“APF would also commend the Supreme Court in its careful respect for the separation of powers doctrine, in looking to the Legislature to make the curative enactments necessary to bring the school system into constitutional compliance.” (Arkansas Policy Foundation, 2004 amicus curiae brief, Lake View School District No. 25 v. Mike Huckabee)
“The Arkansas Supreme Court took an extraordinary step (yesterday) … Voices from the legislative and executive branches of state government decried the decision as a poor one that goes against basic constitutional principles.” (Arkansas Democrat-Gazette, June 10, 20051)
SEPARATION OF POWERS EMERGES IN THE LAKE VIEW CASE
(June 2005) The Arkansas Supreme Court, rallying the hopes of tax increase supporters, reinserted itself into the 13-year-old Lake View school finance case by appointing two Special Masters to review education laws passed by the General Assembly earlier this year. The 4-3 Court decision means separation of powers has emerged as an issue in the case.
Separation of powers is the legal doctrine prohibiting any branch of government from infringing on the powers held by another branch. The power to make laws is reserved for the legislative branch of government, not the judicial branch.
Findings of the Court Majority
Justice Robert L. Brown wrote for the majority, arguing the State’s response, “both in its briefs and at oral argument, is first to deny any backtracking on the part of the General Assembly, but, secondly, to urge that even if there has been backtracking, a new case must be filed in circuit court, and litigation must begin anew. We are disinclined to agree with the State.” Justice Tom Glaze, addressing the separation of powers issue, noted the Court rejected the argument it has "no role in examining school funding in light of the Arkansas Constitution” in 2002. The Court found its “refusal to review school funding under our state constitution would be a complete abrogation of our judicial responsibility and would work a severe disservice to the people of this state.” Justice Donald L. Corbin wrote, “I cannot sit back and allow the dissenters to label me as some kind of "super-legislature." Justice Betty C. Dickey wrote, “We cannot wait for other cases to wend their way through the system, while hoping that successive legislative sessions don't "go wobbly" in their resolve to put the educational needs of the children first. This is truly a process that is "not for the short-winded."”
Minority Dissent on Separation of Powers
Chief Justice Jim Hannah dissented, “While I understand and share the desire to assure that a constitutional system of public education is attained, the desire to see that the legislature does so is hardly a basis of jurisdiction.” He observed, “What brings us to the brink of abandoning the doctrine of separation of powers is not hard to understand. When we begin our analysis correctly, it is not difficult to continue down the right path. However, once we err, it can be very difficult to get back on the right path. It is beyond dispute in Arkansas that the responsibility for the creation, organization and regulation of the public schools system is within the exclusive province of the legislature.”

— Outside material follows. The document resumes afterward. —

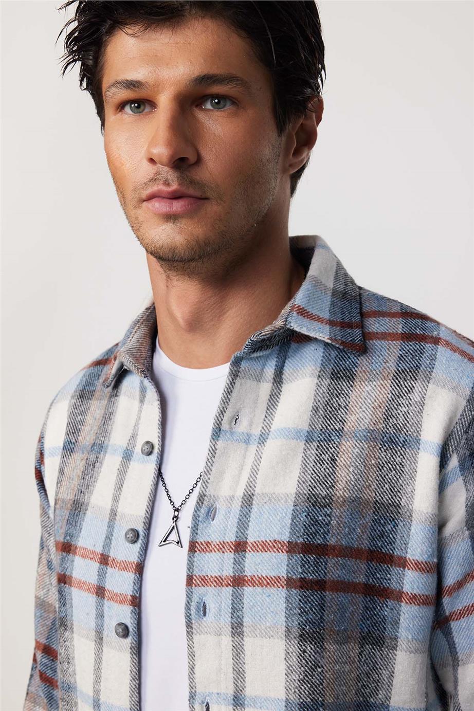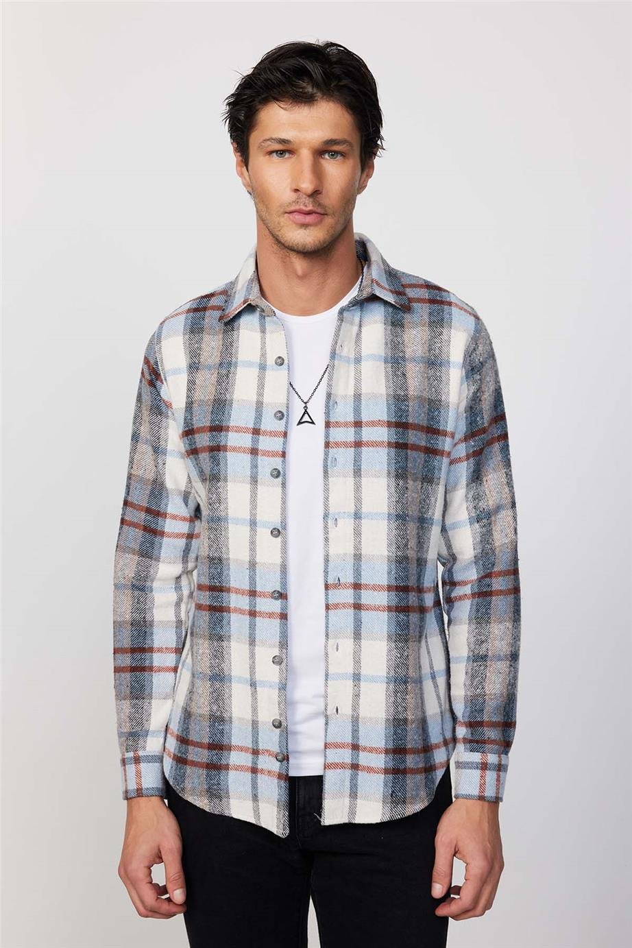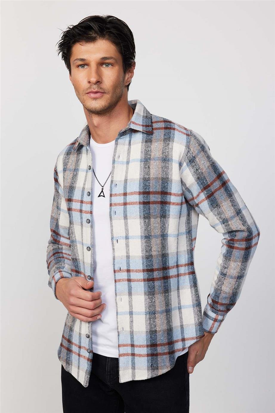 Erkek Slim Fit Dar Kesim Uzun Kollu Kareli Kışlık Oduncu Gömlek (DR240045-3114)

Justice Jim Gunter wrote, “A court cannot issue a writ "in aid of its jurisdiction" when it has no jurisdiction in the first place. The majority has cited nothing more than our statement in Lake View that we "will exercise the power and authority of the judiciary" as its basis for this jurisdiction. Our saying that it is so does not necessarily make it so, regardless of how laudable our motives. Moreover, in spite of the collective frustration of this court, the legislature, the governor, and the citizens of this state, the citizens of Arkansas have not given this court the job of establishing, maintaining, or operating the public-school system. The act of the majority decision in recalling the Lake View mandate, once again, expresses the court's distrust of the legislature, which has been given that job.”
Special Justice Carol Dalby also dissented, noting, “The second issue which precludes this court from re-entering this case is the time honored bedrock of our form of government and that is separation of powers. Our government is separated into three departments: the legislative department, the executive department, and the judicial department. Ark. Const. art. 4, § 1. Further, Article 4, § 2 of our constitution provides: No person or collection of persons, being of one of these departments, shall exercise any power belonging to either of the others, except in the instances hereinafter expressly directed or permitted. This court has not been given, nor has it ever had the authority to maintain a general, suitable, and efficient system of free public schools. Ark. Const. art. 4, § 1. That authority rests with the legislature. For this court to assume even an inkling of legislative authority weakens our judiciary and draws us into the Serbonian Bog from which we may never emerge. Like it or not, education and its reform in Arkansas rests with the legislature. If the people of Arkansas are not satisfied with what the elected representatives have crafted, then the people have the power to facilitate change. This court has courageously sounded the call for change. This court has acted with boldness and determination, but this court cannot and must not act beyond its constitutionally given powers.”
Special Masters Sworn In To Hear Testimony
Following the ruling former Chief Justice Brad Jesson of Fort Smith
and former Justice David Newbern of Little Rock were sworn in June 16
to hear testimony in the case. They are expected to complete their work
and report to the Court in September.